You know it.  I cant wait will be my first one.


----------



## BMCS (Mar 12, 2010)

Bump for the Foggy Bottom Girls. For all you ladies that like to hunt or fish, you need to check out there website.  These girls rock


----------



## KMckie786 (Mar 12, 2010)

Too bad Im gonna be in the LoneStar State that weekend shooting ASA Otherwise I would be there. 

Yall gonna have anymore this year? Glad to see another tournament in the Augusta area other than Fort Gordon.

Hope Yall have a great turnout!!!


----------



## crawdad24 (Mar 13, 2010)

ME too!!


----------



## SecretAgnt (Mar 15, 2010)

count me in ... I will be there


----------



## beckyfbg (Mar 16, 2010)

Thanks BMCS you are the man!! lol...

KMckie786, We are just doing one a year for now.  We want to see how it go's first. I'm sure it's going to be a good turnout!!


----------



## beckyfbg (Mar 16, 2010)

I just wanted to let everyone know that there is also a Traditional Class too!! It's not on the Flyer's.


----------



## lightsspeed (Mar 17, 2010)

*This Weekend*

Would love to come to this but Ansleigh does not have a hunter setup


----------



## msjjd (Mar 18, 2010)

I hope to make it, sounds like its going to be a great shoot.


----------



## beckyfbg (Mar 21, 2010)

lightsspeed said:


> Would love to come to this but Ansleigh does not have a hunter setup



We would love to see ya'll there. Tell Ansleigh we can put a pin sight on her bow that morn. get her set in & she can give them heck. We Know she can burn it up lol. But if she wants to shoot her scope for fun & free thats ok to. Just can't compete for a trophy to be fair cause its a hunter class turney.


----------



## SecretAgnt (Mar 21, 2010)

Less than a week to go ... YIPPEEEEEE ... It will be sooooo nice to shoot somewhere besides the Fort


----------



## watermedic (Mar 23, 2010)

Can us open shooters donate a few dollars and shoot for the heck of it???

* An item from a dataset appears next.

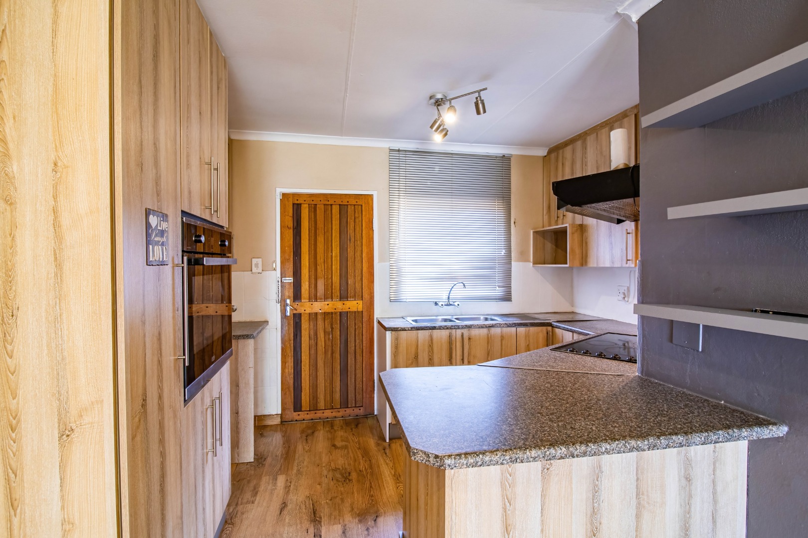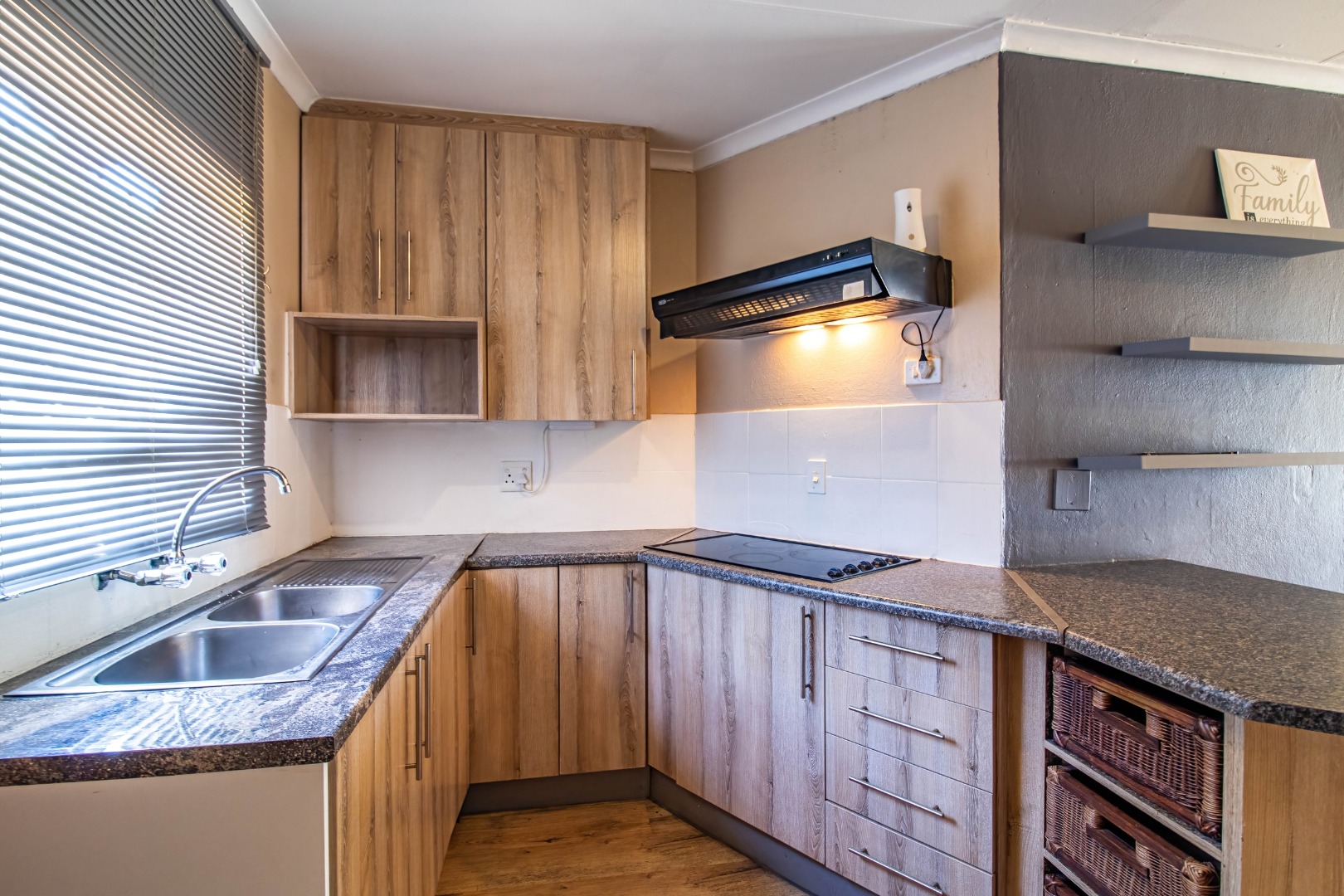 The home features 3 bedrooms and 2 bathrooms, including a main en-suite, with both bathrooms fitted with baths and overhead shower heads. The modern open-plan kitchen is fitted with an eye-level oven, counter-top stove, extractor fan and double sink, flowing seamlessly into the open-plan living and dining area for easy everyday interaction allowing you to interact easily with family or guests while cooking.
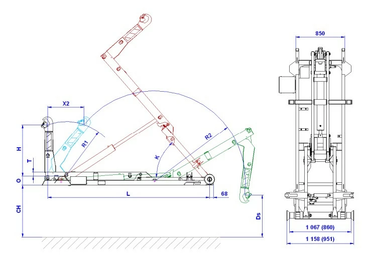 Характеристики хуклифта 03-23-K-DIN / Hook lift 03-23-K-DIN:

I know three that will be there.

Chuck


----------



## beckyfbg (Mar 24, 2010)

watermedic said:


> Can us open shooters donate a few dollars and shoot for the heck of it???
> 
> I know three that will be there.
> 
> Chuck



Oh yea that would be good. We would love to have yall. This one was kind of a last min. deal, but I think on the next one we will have all more classes. So yes thank you and please put the word for us about the shoot Sat. See yall there.


----------



## thompsonsz71 (Mar 24, 2010)

we are headin to covington first and then gonna try to make it out! i hope me and the guys can make it back in time


----------



## beckyfbg (Mar 24, 2010)

thompsonsz71 said:


> we are headin to covington first and then gonna try to make it out! i hope me and the guys can make it back in time



Oh yeah, you should have time. We gotcha covered on that part. Well make time.lol . Hope we have a good turn out and everybody gets to make it.


----------



## BMCS (Mar 26, 2010)

Becky yall dont wear them 12 rings out to bad, leave me a lil something to shoot at, should be a fun shoot with great weather.  Come on out and enjoy.


----------



## KMckie786 (Mar 26, 2010)

beckyfbg said:


> Oh yeah, you should have time. We gotcha covered on that part. Well make time.lol . Hope we have a good turn out and everybody gets to make it.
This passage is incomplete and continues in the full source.